19–22 May 2025
US/Mountain timezone

GenAI4UQ: A Generative AI Framework for Accurate and Fast State Variable Forecasting in Geological Carbon Storage

19 May 2025, 14:35
15m
Oral Presentation (MS15) Machine Learning and Big Data in Porous Media MS15

Speaker

Ming Fan (Oak Ridge National Laboratory)

Description

Forecasting reservoir pressure and CO₂ plume distribution in geological carbon storage (GCS) demands the efficient integration of monitoring data with reservoir simulations. Traditional inverse modeling methods often rely on restrictive linear or Gaussian assumptions, limiting their predictive accuracy for complex state variables. Moreover, simulating large-scale three-dimensional (3D) GCS problems is computationally expensive, making iterative runs in inverse problems prohibitive.

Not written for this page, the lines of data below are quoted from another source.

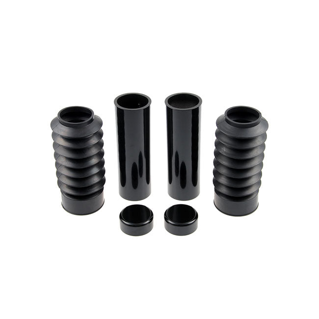 Gloss black powder coated CNC machined aluminum covers. Covers the full front fork from bottom to top of the upper triple tree. Includes aluminum fork tube caps, upper fork covers and genuine black rubber (bobber boots) lower fork covers for a touch of retro. Transforms the complete front end to a massive Black-Out muscle bike look. Compatible with stock and custom fenders. Installs with set-screws. All required hardware is included.
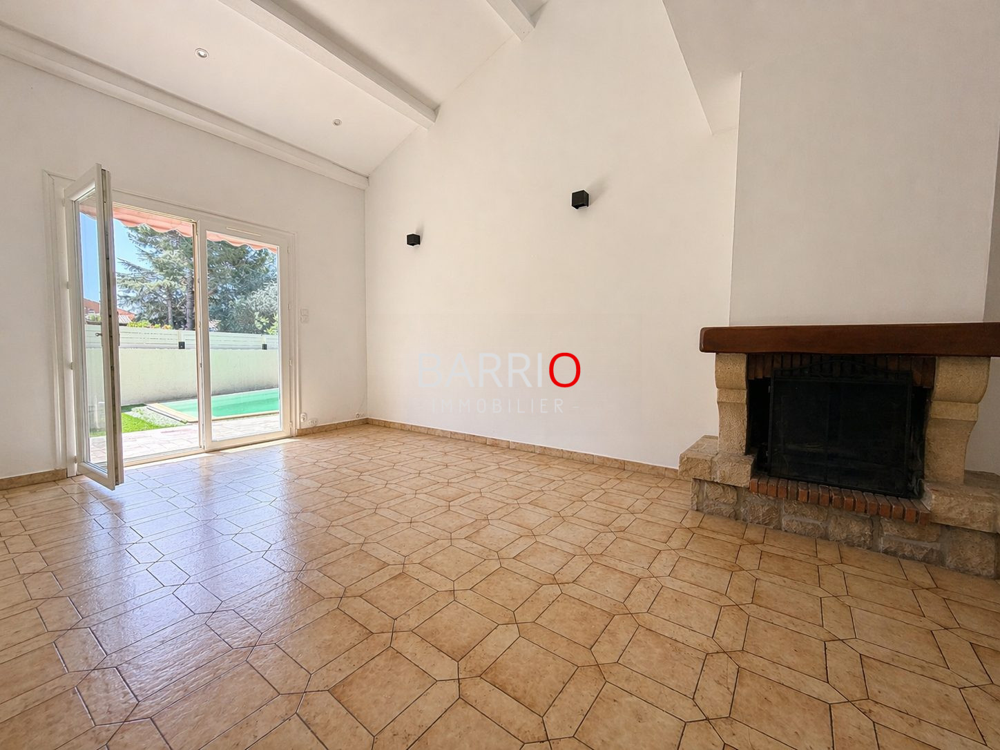 Au rez-de-chaussée, vous découvrirez une lumineuse pièce de vie climatisée ouvrant directement sur un espace extérieur avec une petite piscine, La cuisine indépendante donne accès à un second espace extérieur.
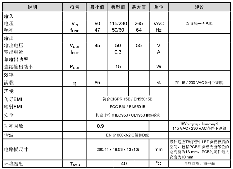 本文檔介紹的是一款功率因數(shù)校正LED驅(qū)動(dòng)器,它可以在90 VAC至265 VAC的輸入電壓范圍內(nèi)為L(zhǎng)ED燈串提供額定電壓50 V、額定電流0.3 A的驅(qū)動(dòng)。該LED驅(qū)動(dòng)器采用了PowerIntegrations的LinkSwitch-PH系列IC中的LNK406EG器件。
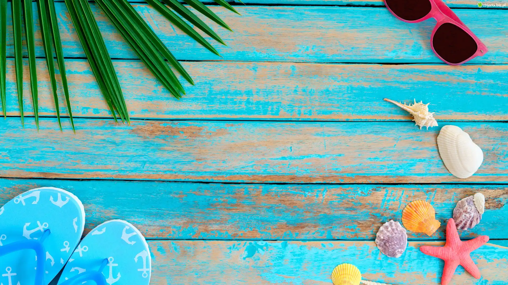 Zdjęcie Klapki, Muszelki, Rozgwiazda, Okulary, Deski, Wakacje
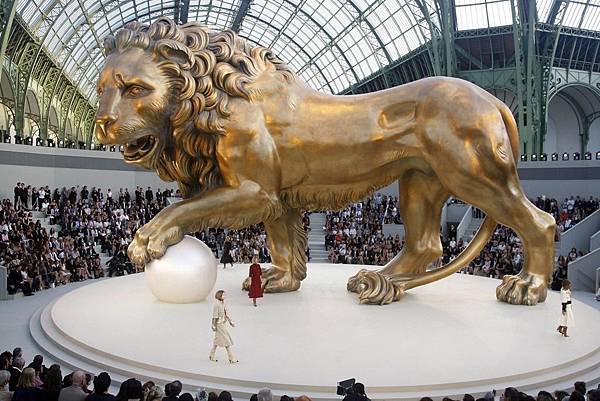 去年10月的巴黎時裝周,拉格斐把海洋沙灘搬進巴黎大皇宮,模特兒赤著腳踏著白沙走秀。2017年,拉格斐把大皇宮改造成火箭發射基地,大型的N°5火箭就擺放在秀場中央。
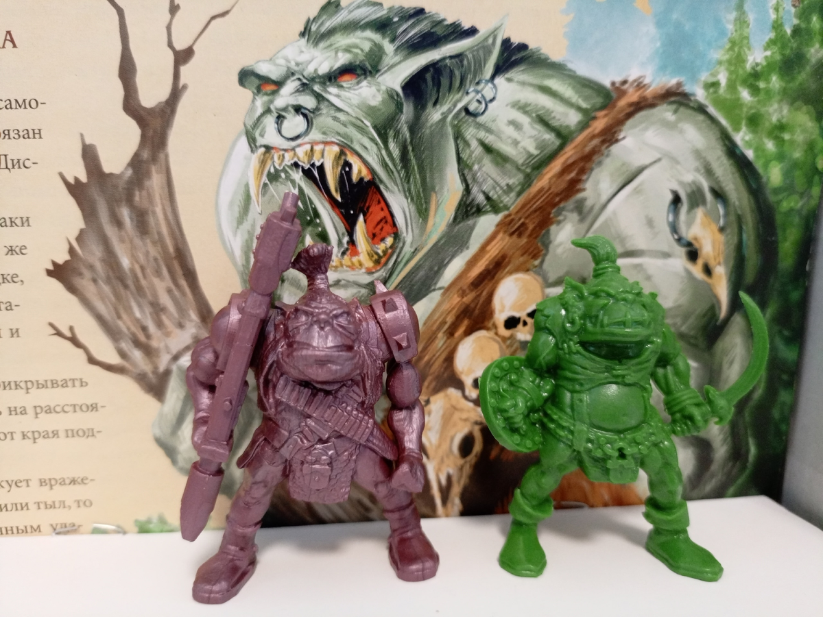Смотрим на набор из серии "Битвы Fantasy" Ave любители солдатиков! Девяносто третий выпуск данной рубрики в эфире! Потихоньку-понемногу, но мы подходим к красивой круглой цифре "100". Возможно даже мы ее этой зимой увидим в заголовке ;) Сегодня Богуслав Рыбин показывает свои наборы из коллекции. Фотографии - Богуслав Рыбин. Доброго здравия. На обзоре солдатики от компании «Технолог» отряд орков с двумя подвижными руками из «бригады "Гулрог". Которая заменила собой «Бригаду "Гуглук"» в наборе «Битва за Маяк» после претензии компании "Games workshop". Более не в каких наборах не продавалась, благо сейчас появилась возможность покупки на маркетплейсах, без необходимости покупать огромный набор. Материал - полителен. Первым идёт недовольный командир с бакенбардами, волосы завязал в пучок. Одет в безрукавку. Пояс закреплён замком(что они вместе навсегда, против недоброжелательных эльфов), его поддерживают подтяжки с кольцом на спине и перекрещены спереди с закреплённой пулемётной лентой.
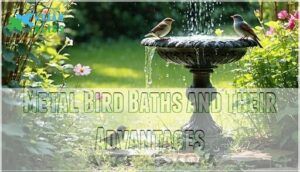 Metal bird baths shine with weather resistance but may rust without proper care.
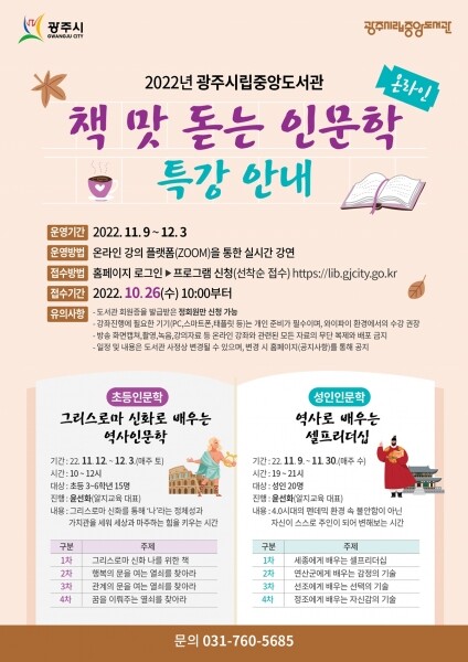 성인 대상으로는 ‘역사로 배우는 셀프리더십’이라는 주제로 11월 9일부터 11월 30까지 매주 수요일 오후 7시에 운영되며 초등인문학 ‘그리스로마 신화로 배우는 역사인문학’은 11월 12일부터 12월 3일까지 매주 토요일 오전 10시에 운영한다.
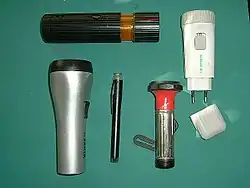 - 3,6 V – zasilane przez akumulatory litowo-jonowe o różnych rozmiarach (na przykład 18650, 14500). Produkowane były latarki zasilane baterią trzech szeregowo połączonych akumulatorów NiCd lub NiMH;
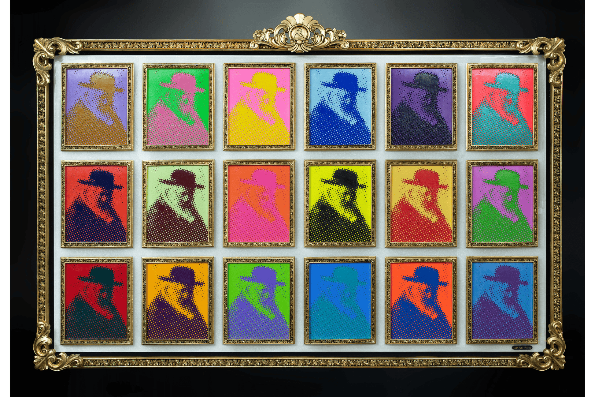 Warhol Shayele is a striking fusion of pop art and portraiture, blending the visual language of Andy Warhol with Roy Lichtenstein–inspired halftone techniques. The image is presented on a glossy holographic white background that subtly shifts color as the viewer moves, creating an interactive and dynamic viewing experience. Multiple images work together to form a cohesive composition, while the ornate, handcrafted rococo-style gold frame elevates the piece with a regal presence. A distinctive detail is the imprint of Reb
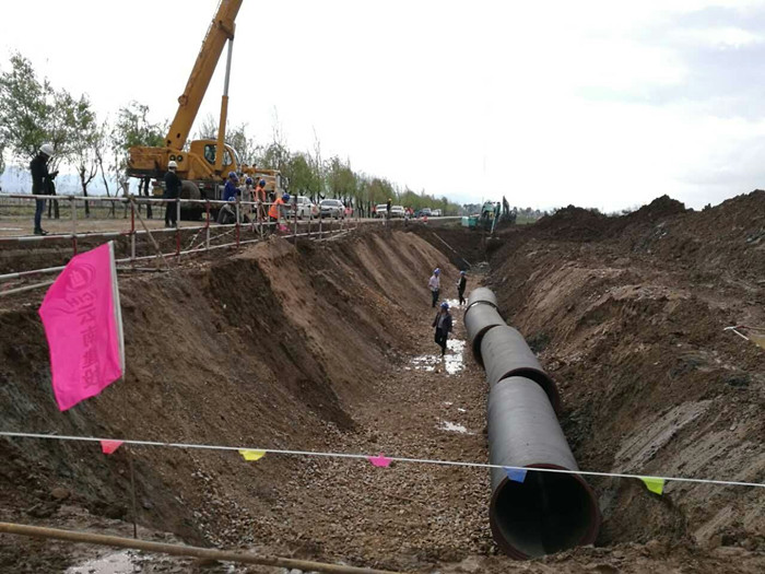 大理州三庫連通一期工程位于云南省大理州洱源縣境內及大理市上關(guān)鎮,為洱海應急補水的重要部分,工程內容主要為DN1200球墨鑄鐵管埋設,有效工期僅為35天。公司施工的六標段位于路線(xiàn)中部,路線(xiàn)沿永安江布設,分為永安江段、鄧川上關(guān)段。起止樁號為:永安江段YA04+400~YA05+570,鄧川上關(guān)段DS00+000-DS01+800,管道路線(xiàn)全長(cháng)2970米。
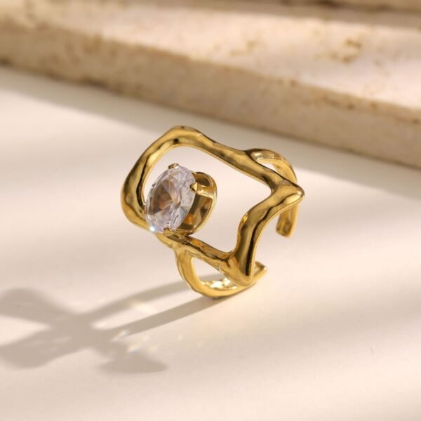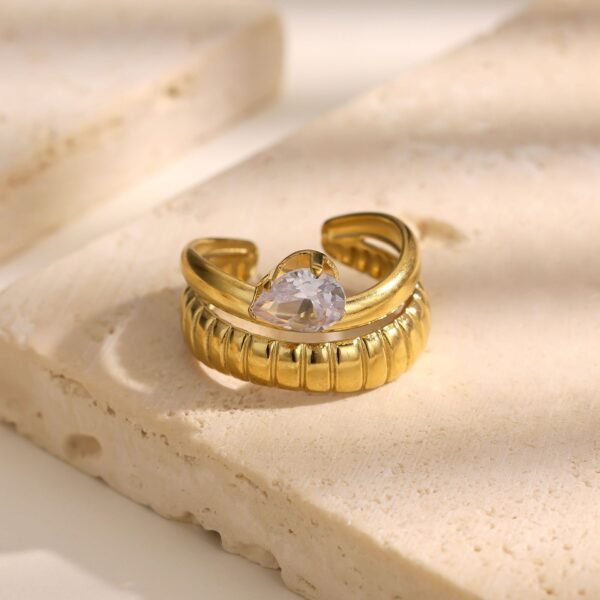 Golden Dual-Heart Zircon Open Ring

To address these challenges, we propose GenAI4UQ, a software package designed for inverse uncertainty quantification in model calibration, parameter estimation, and ensemble forecasting. Powered by a conditional generative AI framework, GenAI4UQ replaces computationally expensive iterative simulations with a direct, AI-driven mapping. Its capabilities include rapid ensemble generation, robust uncertainty quantification, and efficient use of computational and storage resources. The software’s automated hyperparameter tuning further ensures accessibility for users with diverse expertise levels.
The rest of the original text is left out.